College of Natural Resources, UC Berkeley

Professor Max Auffhammer honored with 2009 Distinguished Teaching Award

March 15, 2009

Maximilian Auffhammer, assistant professor of Agricultural and Resource Economics and International and Area Studies, has received the Distinguished Teaching Award for 2009.

Maximilian Auffhammer

Auffhammer has been at Berkeley since 2003. Auffhammer revitalized one of the least successful courses in ARE, turning it into one of the most popular and successful courses in the graduate program. Students time and again point to the fact that he manages to turn a subject that they don’t necessarily respond to, economics, into something fascinating and relevant: “I have done poorly in econ before,” says one student, “and this is a 360 degree change for me. I now actually like econ.” Auffhammer’s colleagues, too, praise his teaching: “Not more than one in a hundred ladder faculty members achieve the kind of success in the classroom that he routinely achieves, year after year.” The Committee noted that he is both an incredible mentor and an incredible teacher, leading students through dense material with clarity and enthusiasm.

Statement of Teaching Philosophy

Since I am a product of an all public school education, teaching at Cal is the greatest privilege to me. Ten minutes after the hour, when the classroom quiets down, I feel an overwhelming sense of excitement and - at the same time - responsibility. I have before me hundreds of California's brightest, hard working critical thinkers in their age group. They have entrusted me with the responsibility to make them understand and evaluate the framework that governs the way I think about how individuals make choices in the face of scarcity - economics.

In my course, which the students have now titled "economics for students who hate economics”, I go to great lengths to prepare materials which convey the core concepts to "mathematically challenged" students. I use fancy German color chalk to draw all my graphs by hand. I believe that students learn more from me correcting the occasional mistake on the chalkboard than seeing the perfect graph projected digitally. I have designed a number of in-class experiments, to show that most students behave according to the theories we’ve discussed. To describe concepts which would usually require the use of calculus, I use a laser level used in building construction . Finally, to show that students respond to incentives, I distribute an extravagant amount of fine chocolate in order to get students to answer often difficult questions in front of 150 of their peers.

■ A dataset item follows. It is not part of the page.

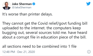 《政客Politico》记者杰克·谢尔曼 (Jake Sherman) 透露,电脑故障导致法案文本的分发受阻。当天,工作人员试图将法案上传到网上时,电脑一直出错,原因可能是文本中有一个损坏的文件。

The two most important things about teaching to me are: First, the energy in the classroom varies from lecture to lecture. In order to deliver what students come to me for as the teacher, I have to be able to read and adapt to these cycles. This means sometimes moving a topic to the following lecture in order to finish a stimulating discussion or inserting another related topic or additional examples on the spot. Second, and more important, if you do not love your subject, you do not stand a chance at being a great teacher. Being passionate about something as dry as economics appears strange to the students at first, but eventually they start cheering when my voice starts skipping from excitement over a downward sloping demand curve.

I do this job because I love every minute of it. The mix of students from every corner of the world and part of society provides for the most stimulating intellectual environment I have ever encountered. The greatest moments in my professional career have happened in the classroom. The feeling of having done my job and having done it well is priceless. I am grateful to the university and my students for giving me the opportunity to teach here.